If an ellipse is given in the form:
$$ A(x − h)^2+ B(x − h)(y − k) + C(y − k)^2 = 1 $$
(where A, B, C, h, and k are given)
What would be the simplest way of finding the outermost points, by which I mean the points both lowest and highest on the x-axis as well as the y-axis without graphing?
Edit: By lowest and highest points I mean the extremes, and the solution should be the four extreme points.
On
Hints:
It can be hyperbola also.
The form shows it is capable of being displaced to origin by a shift (h,k) so that it becomes a central conic in form $ A_1 x^2 + B_1 x y + C_1 y^2 = 1 $.
Next, find the tilt angle to align axes along x and y.
By symmetry find maximum/minimum points along x- and y- axes.
Shift back, rotate back.
On
To find the highest and lowest values of $y$ differentiate with respect to $x$ and set $y'=0$
$$2A(x-h)+B(y-k)=0$$ so that $(x-h)=-\frac B{2A}(y-k)$ and substituting into the original equation gives the quadratic $$\left(\frac {B^2}{4A}-\frac {B^2}{2A}+C\right)(y-k)^2=1$$ which can easily be solved for $(y-k)$ and hence for $y$ (the quadratic gives the two values you expect).
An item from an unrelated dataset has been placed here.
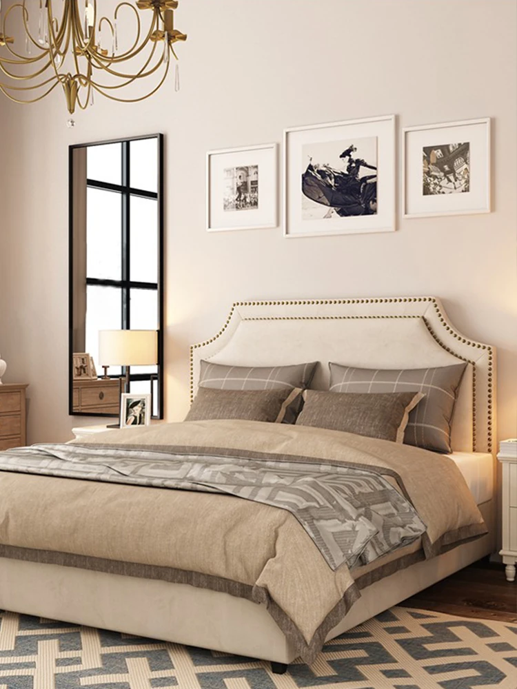 French Cream Style Retro Bed | Modern Minimalist Gilent Light Luxury Fabric Double Bed | Ideal for Boutique Hotels and Model Rooms | Solid Wood Construction

Then do the same with $x$, or just write down the formula using the symmetry of the expression.
Assume you've got a continuous, differentiable parametrization $(x(t), y(t))$ of the curve (you don't need to write it down explicitly, it suffices that we know that it exists). I'll use the Newton notation $\dot x = \mathrm dx/\mathrm dt$ and $\dot y = \mathrm dy/\mathrm dt$.
The extrema in $x$ are given by $\dot x=0$, and the extrema in $y$ are given by $\dot y=0$ (note that those are in general not the extrema of the ellipsis, that is, the extrema in the distance from the center). Note that if the ellipsis is non-degenerate (and the parametrization is sane), you never have both $\dot x=0$ and $\dot y=0$ for the same point. I'll assume a non-degenerate ellipse in the following.
Deriving the equation for $t$ gives $$2A(x-h)\dot x + B(y-k)\dot x + B(x-h)\dot y + 2C(y-k)\dot y = 0.\tag{*}$$ Inserting $\dot x=0$ gives $$(B(x-h) + 2C(y-k))\dot y = 0 \tag{**}$$ and therefore $$(y-k) = -\frac{B}{2C}(x-h).$$ Inserting into the original equation you get $$A(x-h)^2 - \frac{B^2}{2C}(x-h)^2 + \frac{B^2}{4C}(x-h)^2 = 1$$ or $$x = h\pm\left(A - \frac{B^2}{4C}\right)^{-1/2}.$$ The corresponding values for $y$ are obtained by inserting this into (**) and solving for $y$.
The extrema for $y$ can be obtained analogously by setting $\dot y=0$ in (*) and doing the same procedure.